The Cincinnati Enquirer has published a small interview with Mutts creator Patrick McDonnell about the origin of his feature.

Q: Was (Mutts) difficult to create?

A: The names were the tough part. For a long time, Earl was named Zero. I mentioned it to Charles Schulz, and he told me to name him after my dog Earl, a Jack Russell terrier. I figured he just might know what he was talking about and took his advice.

Community Comments

#1 Charles Brubaker
November/14/2007
@ 8:46 am

Interesting article. But I’m confused over the part where McDonnell says he has a cat named Mooch, who is 10.

I thought his cat’s name was Meemow.

#2 markt
November/14/2007
@ 9:55 am

I think Meemow went to the little sandbox in the sky.

#3 josh s.
November/14/2007
@ 11:06 am

Mutts is one of the most innovative comics out there. McDonnell proves that comics can still be well-drawn and meaningful. Thanks for pointing out the article.

#4 Anne Hambrock
November/14/2007
@ 12:08 pm

As I mentioned on another thread, I not only enjoy the humor of Mutts, but I find it beautiful to look at. His simplicity is stunningly effective and I adore his color.

#5 Mike Cope
November/14/2007
@ 2:55 pm

Has anyone read the book “Billions & Billions” by Carl Sagan? I bought a copy when it was first published (late 90’s), but I wasn’t familiar with Mutts at the time.
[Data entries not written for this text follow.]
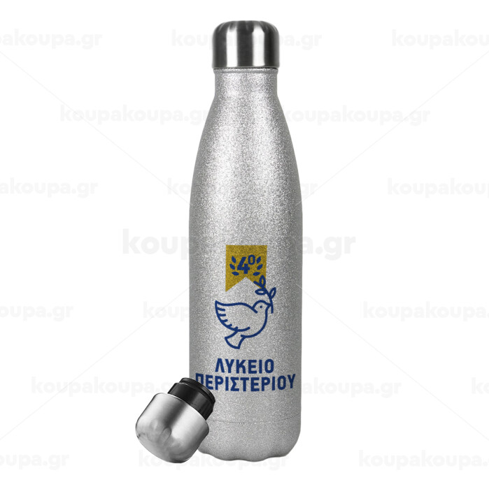 Έμβλημα Σχολικό μπλε/χρυσό περιστέρι, Metallic Glitter Silver Thermos Flask (Stainless steel), double-walled, 500ml
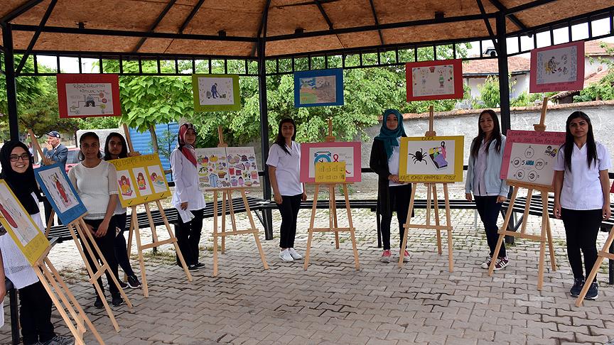 Kırıkkale'de lise öğrencileri, bulaşıcı hastalıklar, obezite, anne ve çocuk sağlığı, tansiyon, şeker hastalığı, kenelerden korunma yolları ve toplumda sıklıkla görülen sağlık sorunları hakkında çizdikleri resimlerle köylüleri bilinçlendirdi.
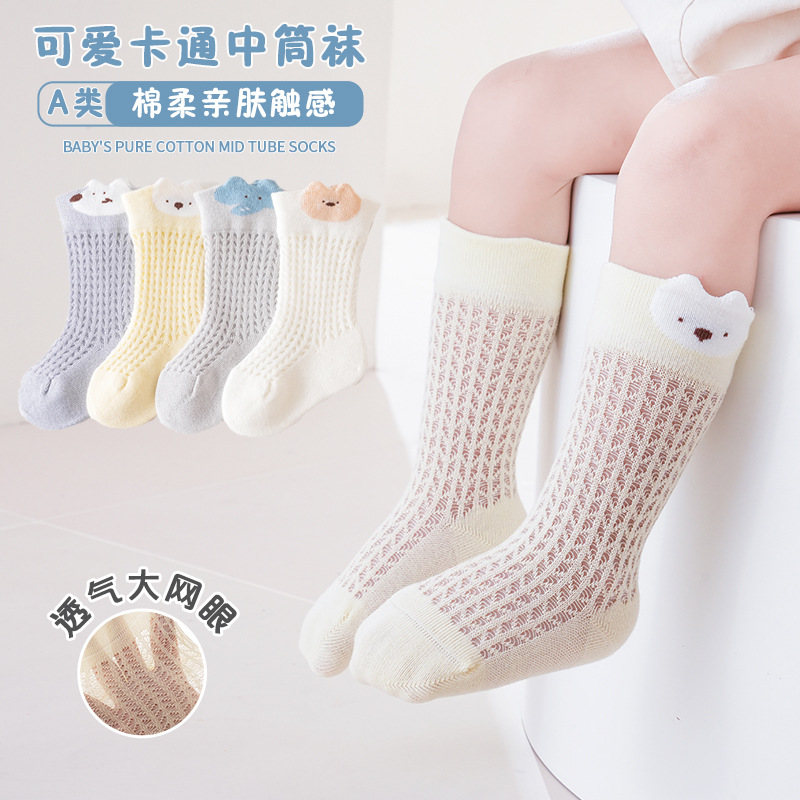 아기 중간 튜브 양말 여름 폭발 신생아 0-3 개월 뼈없는 느슨한 여름 긴 다리 통기성 양말스토어 가기

I happened to be flipping through it a few years ago and immediately recognized Patrick as the cartoonist who drew all of the single panel inserts … His style is pretty unique!

#6 Chris H.
November/14/2007
@ 10:14 pm

This was a very interesting interview for me to read, since I am a “Mutts” fan (and fellow New Jerseyan of Patrick).

“Mutts” is surely one of the best comic strips currently being published, thanks to his beautifully done art, gentle but often very funny humor, and powerful messages. His characters, even at their most overwhelmingly cute, never come across as too saccharine. I also enjoy his first-panel homages to comic strips and comic books of the days of yore, and of course his throwbacks to old comic strip styles (and his “Krazy Kat” influence).

I don’t own a pet, so it’s not as if I identify with any of the situations he presents. But “Mutts” is a pleasure to read and look at; McDonnell is one of the best cartoonists currently publishing his work. It’s as simple as that.